If TGI Fridays’ agreement to be acquired by U.K.-based franchisee Hostmore plc goes through, it will mark one of the rare instances in which a restaurant operator buys its parent brand.
The all-stock takeover, valued at about $220 million, is probably not the exit TGI Fridays’ owner TriArtisan Capital Advisors had in mind when it bought the casual-dining chain for $800 million in 2014, said John Gordon, a restaurant finance expert and founder of Pacific Management Consulting Group.
But it accomplishes TriArtisan’s long-running efforts to sell the brand, four years after a deal to take it public by merging with a special purpose acquisition company fell apart.
And it has some unique benefits for TGI Fridays—namely that it will be joining forces with a like-minded operator in Hostmore at a time when both companies are struggling.
“They’re working with kindred folks, right?” Gordon said. “It gets like people working together on like tasks.”
The combined company would have nearly 600 restaurants in 44 countries and would trade publicly on the London Stock Exchange, which would also give it more scale and capital than each party has on its own.
“They both seem to be looking for ways to turn things around,” said Ab Igram, executive director of the Tariq Farid Franchise Institute at Babson College in Wellesley, Massachusetts. “Both are looking for a way to say, ‘Combined, we can share some synergies.’”
The newly formed company would remain headquartered in Dallas under TGI Fridays’ existing leadership, including CEO Weldon Spangler and CFO Nik Rupp.

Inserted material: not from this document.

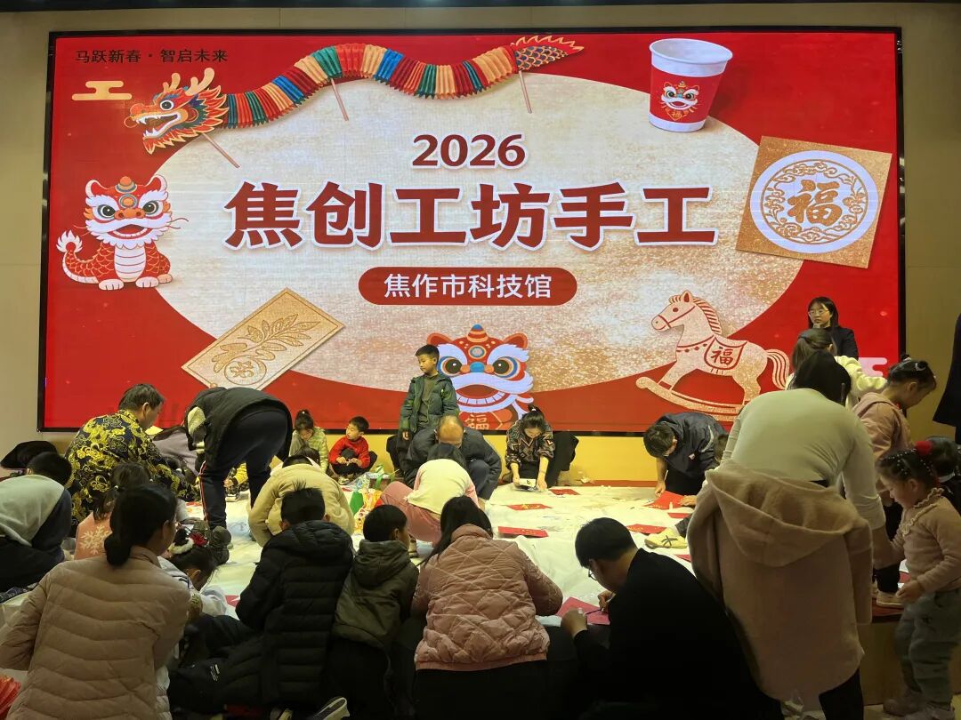 焦作市科技馆的“非遗市集”成为新春打卡地,国家级、省级非遗传承人亲临现场,绞胎瓷制作、山阳剪纸、四大怀药炮制等技艺展示让观众近距离感受传统匠心,拓印、剪纸等体验活动排起长队,孩子们在家长的陪伴下拓印福字、裁剪窗花,感受非遗魅力;焦创工坊推出新春金箔画、皮影戏制作等手作活动,让观众了解了金箔贴制工艺、皮影光学原理。

Hostmore CEO Julie McEwan and CFO Matthew Bibby would maintain their roles atop the U.K. business.
Current Hostmore Chairman Stephen Welker would serve as chairman of the combined company until its annual meeting in 2025, at which point he would retire and TriArtisan co-founder Rohit Manocha would become the new chairman.
TriArtisan would control 64% of the company's shares, with Hostmore holding the rest.
Twin turnarounds
After years of sales declines, Fridays’ U.S.-based arm has been working to revitalize itself as the casual-dining trend-setter it once was. It has refreshed its menu and bar program with trendy items like sushi and hard seltzer and is leaning into delivery and takeout.
But it also closed nearly 60 U.S. locations last year—a full fifth of the system—and domestic sales shrunk by 18%, according to Technomic data.
Hostmore, meanwhile, has also been dealing with sales and traffic problems, which it has blamed on softening demand for casual dining. Its revenue in the second half of last year was flat year over year, according to a securities filing, and in the first quarter of 2024, revenue was down 7%. Its stock price has fallen by about 20% year to date.
The franchisee’s focus has been on reducing costs and paying down debt. It has also worked to improve the customer experience—an effort it says has begun to bear fruit. And it’s looking to drive growth with its loyalty app and email marketing.
Joining forces will give Fridays more resources to pursue those efforts. Manocha noted in a statement that the deal has a “compelling and highly complementary strategic logic to it.”
“A combined group would stand to gain from our focused efforts with the benefit of greater combined scale, efficiencies and flexibility,” he said.
More company stores
The deal would change the company’s makeup in at least one key area: the ratio of franchised to company-operated stores.
TGI Fridays currently operates 100 of its 504 total stores, or about 20%. In January, it announced that it had sold eight company-owned stores to former CEO Ray Blanchette, indicating a desire to shift even more of its domestic business to franchising.
Merging with Hostmore would take it in the opposite direction, adding another 89 company-operated stores to its ledger and increasing the share of owned stores in the portfolio to about 32%. That means TGI Fridays will be more exposed to the costs of running restaurants in a difficult environment.
“You’re less insulated to fluctuations and challenges at a store level when you run company stores,” Igram said.
But those stores also generate more revenue and tend to be more profitable than franchised ones, which may send just 5% to 6% of their sales to the franchisor as a royalty.
“I think they need to keep the company stores that they have, because once they get the operations right, they can take out more free cash flow from the company stores to service their debt,” Gordon said. From there, the brand could continue franchising on top of that to fuel growth at a lower cost, he said.
While the companies did not indicate whether anything will change on the ground following a merger, franchisees should pay close attention to Fridays' strategy going forward, Igram said.
“See how it works out, what the company does and how it affects the unit economics of the franchisees,” he said. “The proof is in the pudding.”